Honestly, it’s this back-and-forth banter that makes me miss the show and Ringer Michelle Gellar and Heavy Metal Marsters.
I think her whole rejuvenation could either be read as being influenced by this, or more likely that she needs to remove her name from the suspect list, but I don’t know, call me romantic but I kind of like that Buffy goes hunting for her hunter because Spike is so determined to finding out what’s stalking her. It’s like because he is doing so much, she can do no less. She can’t give up being the Slayer because he hasn’t given up on her. Step forward, regardless of reason.
Anywho, so Buffy finally finds out who’s taking the demon out of the vampire. Stakes are strictly optional now as might her role as the Chosen One. Sigh, same old song and dance.
Ordinarily, this would bug me to no end as it just seems to be this albatross that won’t go away. But, you know, I’ve been watching Breaking Bad and its creator Vince Gilligan has stated how much he likes tragic flaws. For protagonist anti (and I do mean anti) hero, Walter White, his tragic flaw is his pride. It leads to him making stupid, boneheaded mistakes that seen from the outside by the viewer would be a complete no-brainer. But that’s just it. Walter’s not running on his logical, scientific brain when he makes these bad decisions. He’s running on his emotional, illogical ego. He has to prove he’s the smartest guy in the room. Lex Luthor as meth mastermind.
I think for me it helps to see Buffy in the same regard. The young lady has been through all kinds of emotional hell with Giles’s death being her latest trauma. It seems only natural that her desire to be normal would only increase, even if she’s shown in the past how much that whole world would no longer be attainable. She knows too much. But maybe I should see this as less of a trope and more as a tragic flaw. Or perhaps a pathology. Actually, for Mr. White, a pathology is probably the last thing he needs.
And speaking of themes and so forth, I dunno. As wonderfully Patton Oswalt as the whole ethical quandaries about killing vampires without dusting them equals murder is, it’s just a bit too Vampire Ethics 101 for me. There’s nothing compellingly immediate about it. We could have seen an episode like this in Season Four or prior to that for example. And besides, I think anytime you boil down a vampire to its essence it’s a walking undead id who sucks human blood. They’re evil. End of story. That’s probably what we’re going to learn this season. I’m glad the plot is moving forward I just wish I cared about it more.

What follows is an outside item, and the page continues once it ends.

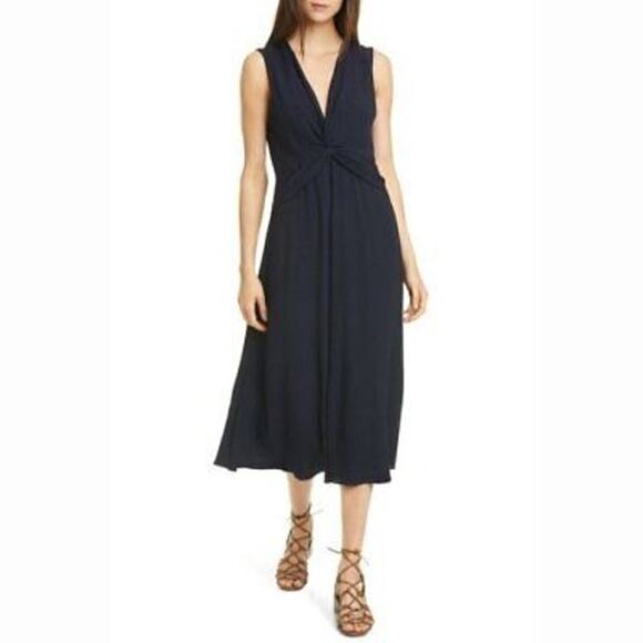 Equipment Femme Women's Navy Eclipse Sleeveless Faun Twisted Front Midi Dress Size 0 NWT

For my money I think Angel and Faith has the more intriguing storyline. It’s directly involved with what Angel did and how he’s trying to atone. And how through those very actions he’s actually making it that much worse, and he’s shrinking away from confronting those impulses that made him become Twilight in the first place. In that, both Buffy and Angel are disturbingly similar. It’s just that one plot is direct about it while Buffy is indirectly connected. My heart (and dough) will always belong to Buffy, though.
For both characters, though, they are taking a most definite Step. Back.